Researchers at Mass General Brigham and the Dana-Farber Cancer Institute have developed and validated a noninvasive, AI-based tool that can predict disease progression in patients with oropharyngeal cancer. The innovation supports more personalized treatment decisions by identifying which patients are likely to benefit from intensified therapy, and which may safely receive less aggressive care.
The AI model focuses on predicting extranodal extension (ENE), a key prognostic factor in head and neck cancer. ENE occurs when cancer spreads beyond the lymph node into surrounding tissue and is associated with poorer outcomes. Until now, ENE could only be confirmed after surgical removal and pathological examination of lymph nodes.
“Our tool helps determine which patients may need multiple or intensified interventions, such as immunotherapy or additional chemotherapy, and which patients could be candidates for treatment de-escalation,” says senior author Benjamin Kann, MD, of the Artificial Intelligence in Medicine (AIM) Program at Mass General Brigham and radiation oncologist at Dana-Farber and Brigham and Women's Hospital. The research was recently published in the Journal of Clinical Oncology.
Addressing a clinical dilemma
Oropharyngeal cancer treatments, including surgery, radiotherapy and chemotherapy, are often effective but can be highly burdensome, with long-term side effects that affect swallowing, speech and quality of life. Clinicians therefore face a delicate balance: treating aggressively enough to control disease, while avoiding overtreatment where possible.
Accurate risk stratification is essential, yet current staging systems provide limited insight into which patients are most at risk of disease spread. ENE is a strong indicator, but its reliance on invasive diagnostics has restricted its use in upfront treatment planning.
Imaging, AI and prognosis
To close this gap, the research team developed an AI algorithm that analyzes routine CT imaging data to estimate the number of lymph nodes affected by ENE, before treatment begins. This represents a significant advance, as the number of ENE-positive nodes correlates with prognosis and potential benefit from intensified therapy.
The model was trained and tested using CT scans from 1,733 patients with oropharyngeal carcinoma. Results showed that the AI tool could reliably predict uncontrolled cancer spread and poorer survival outcomes. When combined with existing clinical risk predictors, the AI-driven assessment significantly improved patient-level risk stratification.
“The ability to predict the number of lymph nodes with ENE is entirely new,” Kann explains. “It provides a powerful prognostic biomarker that could enhance current staging systems and support more tailored treatment planning.”
Data-driven precision oncology
The study highlights how AI-enabled imaging analysis can unlock clinically relevant information hidden in standard diagnostic scans. By transforming routinely collected data into actionable insights, the tool fits squarely within the broader shift toward precision oncology and value-based care.
Looking ahead, the researchers see potential for the AI model to guide enrollment in clinical trials, support shared decision-making and reduce unnecessary treatment-related toxicity. As digital tools become increasingly embedded in oncology workflows, innovations like this illustrate how AI can augment, not replace, clinical expertise, enabling more informed and individualized care for cancer patients.
Lung cancer AI-tool evaluated
Earlier this year British and Dutch researchers evaluated a South Korean AI tool to assess its ability to support lung cancer screening by analyzing low-dose CT scans. Using data from the UK Lung Cancer Screening (UKLS) trial, the study showed that the AI system can reliably identify scans without clinically relevant lung nodules, which make up the majority of cases. This significantly reduces the workload for radiologists, who currently face capacity shortages that hinder large-scale screening programmes.

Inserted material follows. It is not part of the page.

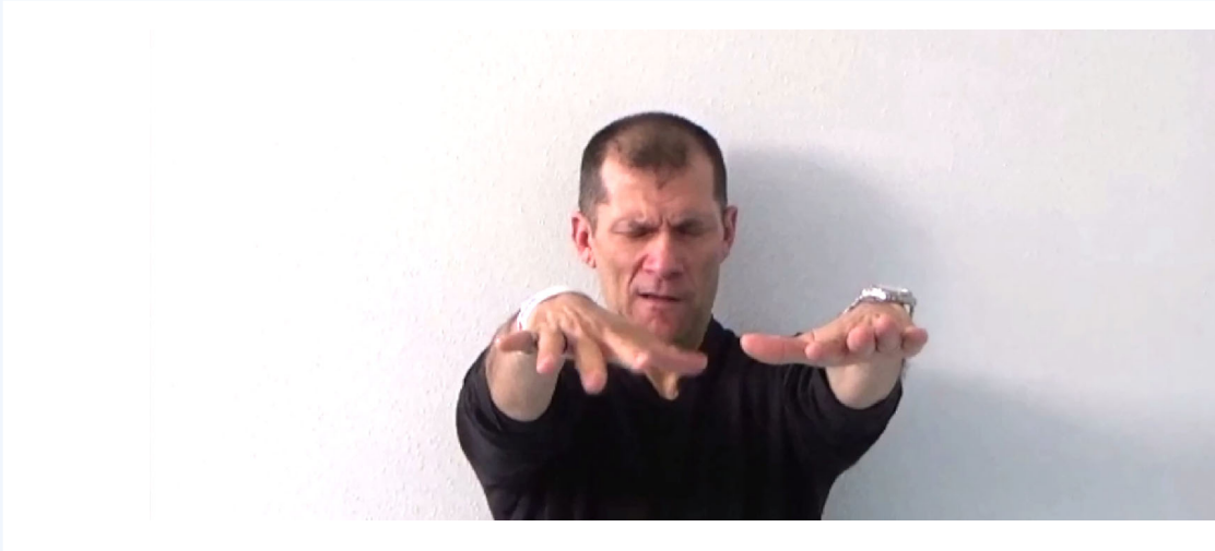
Video 3. Patient C.II.1: Segment 1 (before DBS): generalized tremulous dystonia with jerky features affecting more prominently the neck (left torticollis), right upper limb and left lower limb (striatal toe); voice tremor; writer's cramp with writing tremor; segment 2 and 3 (4 and 10 years after pallidal DBS): improvement of cervical dystonia and lower limb dystonia; persistence of dystonic head and upper limb tremor, dystonic posturing of the left upper limb when outstretched and writer's cramp/writing tremor. Video content can be viewed at https://onlinelibrary.wiley.com/doi/10.1002/mdc3.13927

Importantly, all confirmed lung cancer cases were correctly flagged by the AI for further review, ensuring no diagnoses were missed.
The findings suggest that AI could help make population-based lung cancer screening more efficient, affordable and scalable. Researchers emphasize that high-quality imaging data and long-term follow-up were crucial for validation. The study represents a methodological milestone and supports the potential integration of AI into future lung cancer screening programmes.